= Giorgio Piccardi =

Italian chemist (1895–1972)

Giorgio Piccardi (13 October 1895 – 22 December 1972) was an Italian physicist and chemist. He had a special interest in non-reproducible results or what he termed as fluctuating phenomena which were considered outside the area of conventional science according to scientific positivism. He considered the effect of weak electromagnetic fields, sunspot activity, and cosmic radiation as possible influences affecting chemical reactions. These effects were sometimes called as Piccardi effects. His ideas on what he called "activated water" were appropriated by Jacques Benveniste and others to suggest a scientific basis for homeopathy and this has led to his original work being considered as fringe science.

== Life and work ==
Piccardi was born in Florence to Ludovico (d. 1944) and Marianna, née Caldini.
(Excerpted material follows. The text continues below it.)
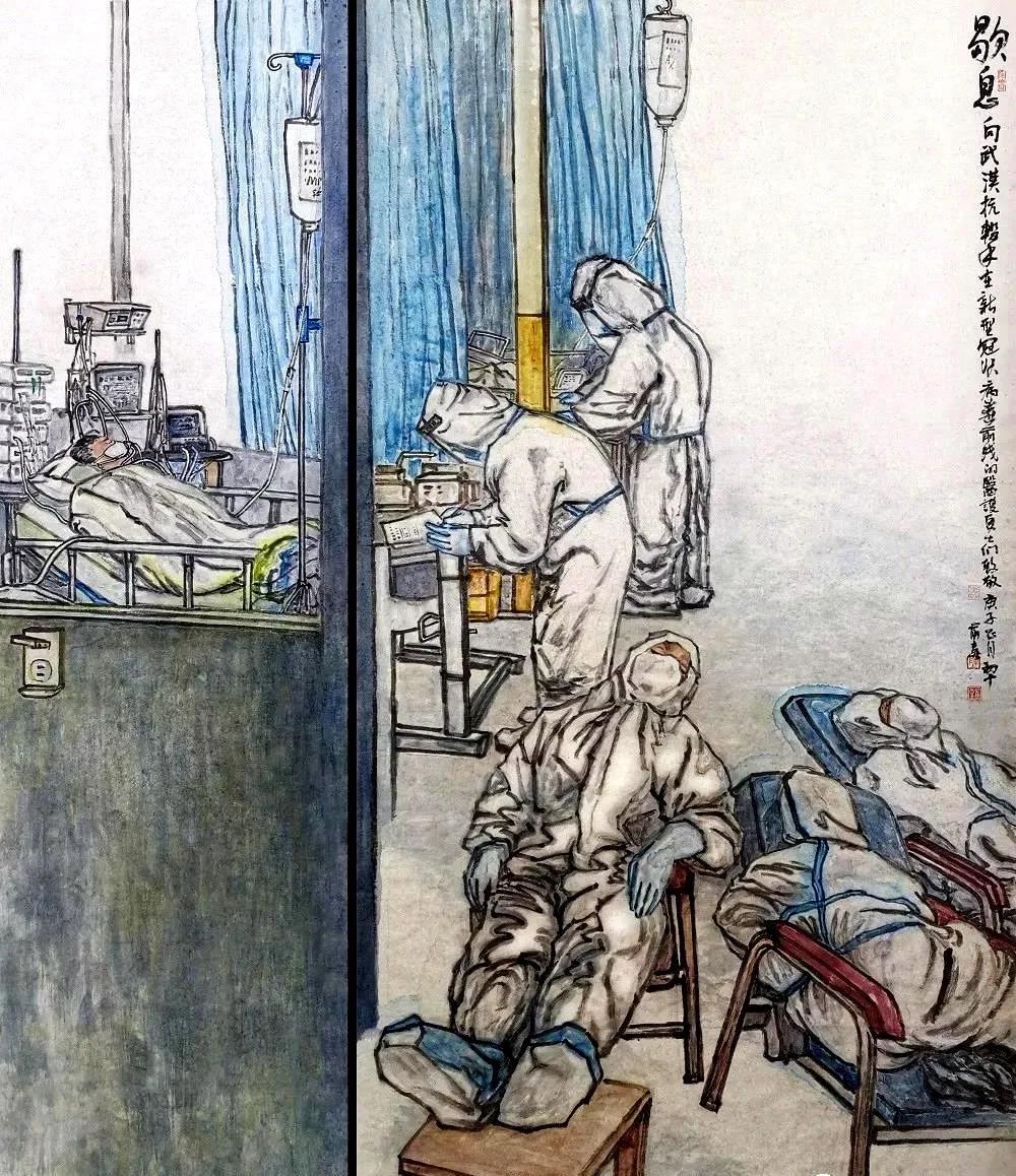 《驰援武汉》中国画 曹念(图片来源:成都画院)

He studied from 1913 at the Institute of Higher Studies in Florence (Ateneo Fiorentino Reale Istituto di Studi Superiori Pratici e di Perfezionamento). He studied organic chemistry under Hugo Schiff but his studies were interrupted by World War I; he served in the Alpini. He was interned in Hungary after being taken prisoner in 1917 and escaped by digging a tunnel. He was recaptured and suffered from pleurisy and was transferred back in 1919 from an Austrian prison camp. He received a silver medal for his services but a brother was killed in the war and his mother died in the Spanish flu epidemic of 1918. He returned to studies and graduated in chemistry at the Turin Polytechnic before returning to Florence where he graduated in 1922. He studied under Luigi Rolla. He then worked initially in an honorary position at the University of Florence, and then a salaried position from 1926, assisting Rolla, working there until 1936. He taught mathematics, spectroscopy, chemistry and physical chemistry. He worked on the spectroscopy of rare earths and examination of the solar spectrum. In 1936 he went to the University of Genoa as chair of physical chemistry. He was interested in non-reproducible research results which he thought could be related to magnetic fields or other forces. World War II interrupted his work and he returned to work at Florence University, becoming chair of physical chemistry in 1947. He worked there until his retirement in 1965.

Piccardi was interested in the philosophy of science and interacted with Ludovico Geymonat who was influenced by Moritz Schlick. Piccardi was interested in astrophysics and collaborated with Guglielmo Righini. Piccardi believed that electromagnetic waves could alter the structure of water and conducted experiments on what he called "activated water". He suggested that it altered the reactivity of water to bismuth chloride. He examined the hypothesis that the position of the earth in its orbit might alter certain phenomena affected by solar radiation. His ideas on water were taken up as evidence of a scientific principle to support homeopathy. Piccardi himself was not a proponent of homeopathy. He also worked on a wide range of subjects including a study with a pediatrician to examine the surface tension in human milk. He also examined his non-reproducibility and cosmic effect ideas on seed germination. The validity of his statistical analysis comparing experiments and controls have been questioned.

Piccardi married Nella Forti (1900–1964) from a wealthy Jewish family in 1922. He met her while on a trip in the Dolomite mountains. They had three daughters. Their home in Borgo Pinti was a cultural centre where many famous artists and scholars met. Piccardi was also an amateur artist. The couple separated later and Piccardi lived in Genoa. His brother Giacomo (1901–1975) was the father of Giovanni Piccardi (b. 1929) who became a chemist at the University of Florence. Piccardi died from cancer. In 2002 a "Laboratorio Biometeorologico Giorgio Piccardi" was founded in his honour.